(DATASET EXTRACT)

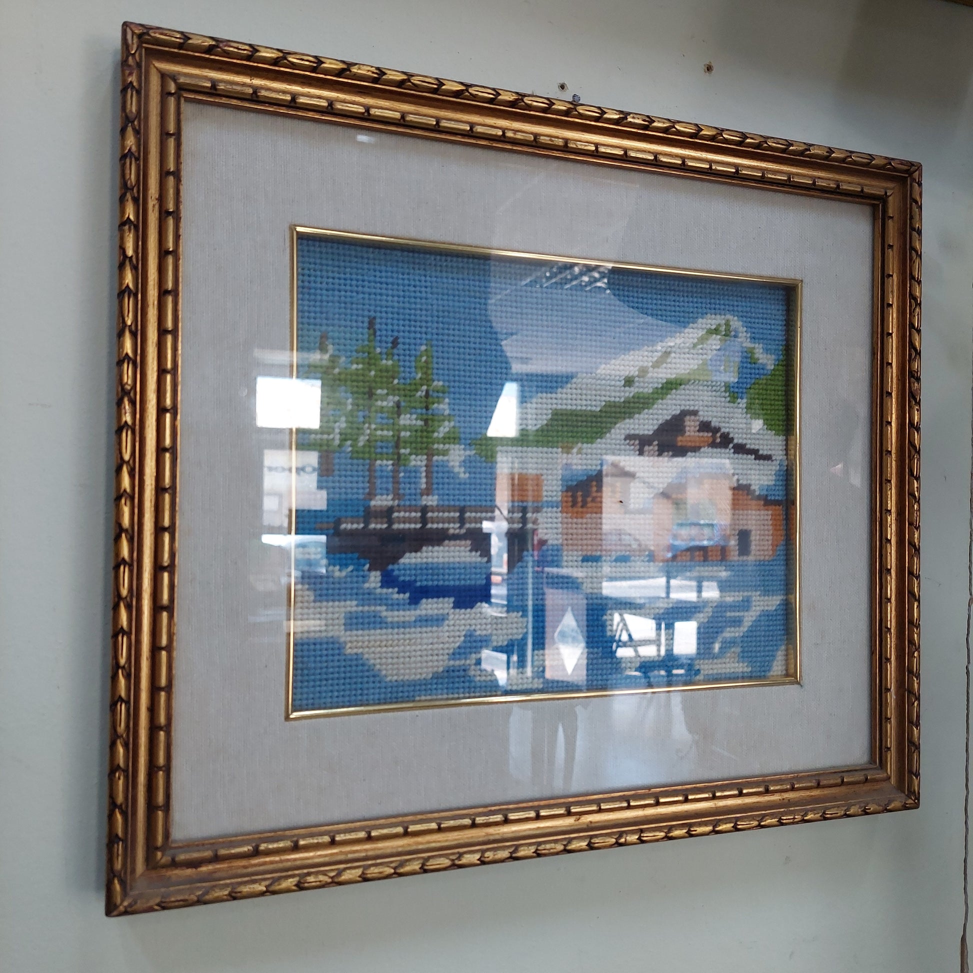 Quadro mezzopunto case innevate cornice legno oro cm38x33
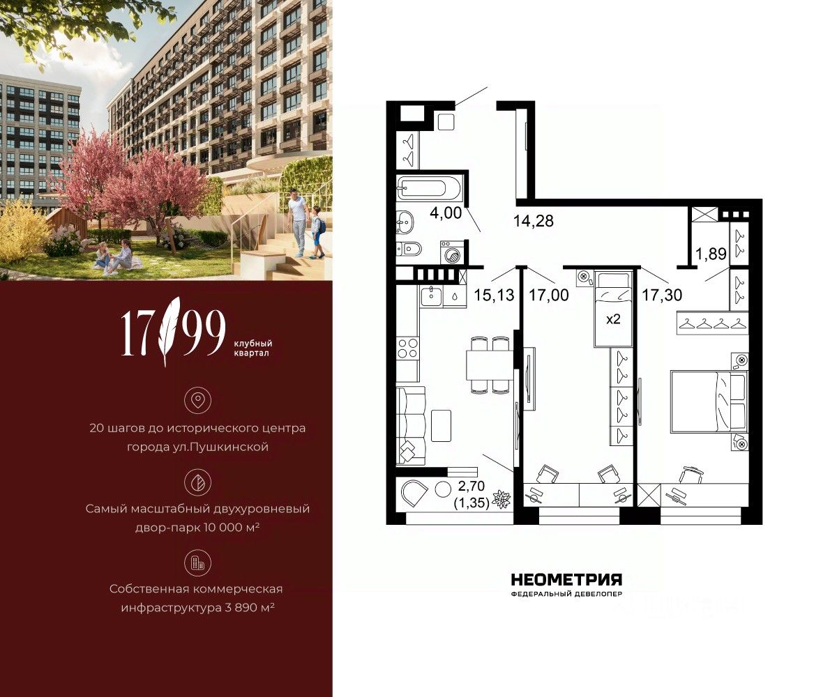 Продается квартира в клубном квартале "1799". Это истинный бизнес-класс в историческом центре Ростова. Особое сочетание уникальной локации и среды, где хочется создавать ту жизнь, которая подходит вам. Где каждое мгновение становится частью семейной коллекции лучших моментов. Квартал вдохновлен идеями великих и создан для великих. Образ хранителя ценностей — в каждой детали: имя и философия замедления, аристократичные фасады, лобби и холлы, семейные резиденции-истории и актуальное содержание. На приватной территории в 2,5 гектара четыре дома всего 10-этажей образуют масштабный двухуровневый двор-парк 10 000 м2 со smart-зонированием по возрастам и интересам. Среда квартала продумана для всей семьи: учебы и работы, спорта и отдыха, совместного досуга и теплых бесед. Гамак мечтателя, тайные места и маршруты, вертикальный сад пряных трав, амфитеатр и даже новогодняя ель. Резидентам доступны редкие для центра привилегии — природная тишина и свобода быть собой. Безукоризненный сервис и собственная коммерческая инфраструктура 3 890 м2, где все необходимое под рукой, позволяют жить в центре с бескомпромиссным комфортом.
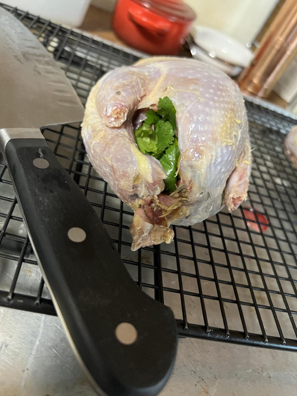 Step #3 Stuff the cavity of the birds with slices of lime and cilantro.

(End DATASET EXTRACT)

### PROBLEM STATEMENT
All of the preceding material should be output verbatim, with the pictures excluded.

### ANSWER TO THIS EXERCISE
 Quadro mezzopunto case innevate cornice legno oro cm38x33
 Продается квартира в клубном квартале "1799". Это истинный бизнес-класс в историческом центре Ростова. Особое сочетание уникальной локации и среды, где хочется создавать ту жизнь, которая подходит вам. Где каждое мгновение становится частью семейной коллекции лучших моментов. Квартал вдохновлен идеями великих и создан для великих. Образ хранителя ценностей — в каждой детали: имя и философия замедления, аристократичные фасады, лобби и холлы, семейные резиденции-истории и актуальное содержание. На приватной территории в 2,5 гектара четыре дома всего 10-этажей образуют масштабный двухуровневый двор-парк 10 000 м2 со smart-зонированием по возрастам и интересам. Среда квартала продумана для всей семьи: учебы и работы, спорта и отдыха, совместного досуга и теплых бесед. Гамак мечтателя, тайные места и маршруты, вертикальный сад пряных трав, амфитеатр и даже новогодняя ель. Резидентам доступны редкие для центра привилегии — природная тишина и свобода быть собой. Безукоризненный сервис и собственная коммерческая инфраструктура 3 890 м2, где все необходимое под рукой, позволяют жить в центре с бескомпромиссным комфортом.
 Step #3 Stuff the cavity of the birds with slices of lime and cilantro.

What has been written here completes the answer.